KJM berät auf GCO 2009 zum Jugendschutz bei Online-Spielen Online4Family mit Hilfestellung für Eltern, Pädagogen und Spieler
09/2009 (27.07.2009)
Spielerisch die Welt entdecken und gleichzeitig lernen, mit elektronischen Medien umzugehen – viele Kinder und Jugendliche haben Online-Games für sich entdeckt.

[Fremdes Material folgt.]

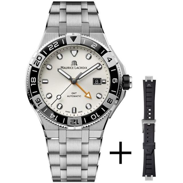 0【Maurice Lacroix 艾美錶】AIKON Venturer GMT 機械錶 套錶 附贈橡膠錶帶-43mm(AI6158-SS00F-130-A)

Die Unsicherheit bei den Eltern ist jedoch groß. Die Vielfalt der Angebote ist unüberschaubar und die Spielewelten im Internet kennen keine Grenzen. Die Kommission für Jugendmedienschutz (KJM) berät Eltern, Pädagogen und die jungen Spieler zum Thema Jugendschutz bei Online-Spielen auf der Games Convention Online (GCO) in Leipzig vom 31. Juli bis 2. August 2009 im Sonderbereich Online4Family in Halle 2, Stand E02. Fachleute und Medienvertreter haben zudem die Möglichkeit, sich in Expertenrunden und Hintergrundgesprächen zu Fragen des gesetzlichen Jugendmedienschutzes im Internet zu informieren.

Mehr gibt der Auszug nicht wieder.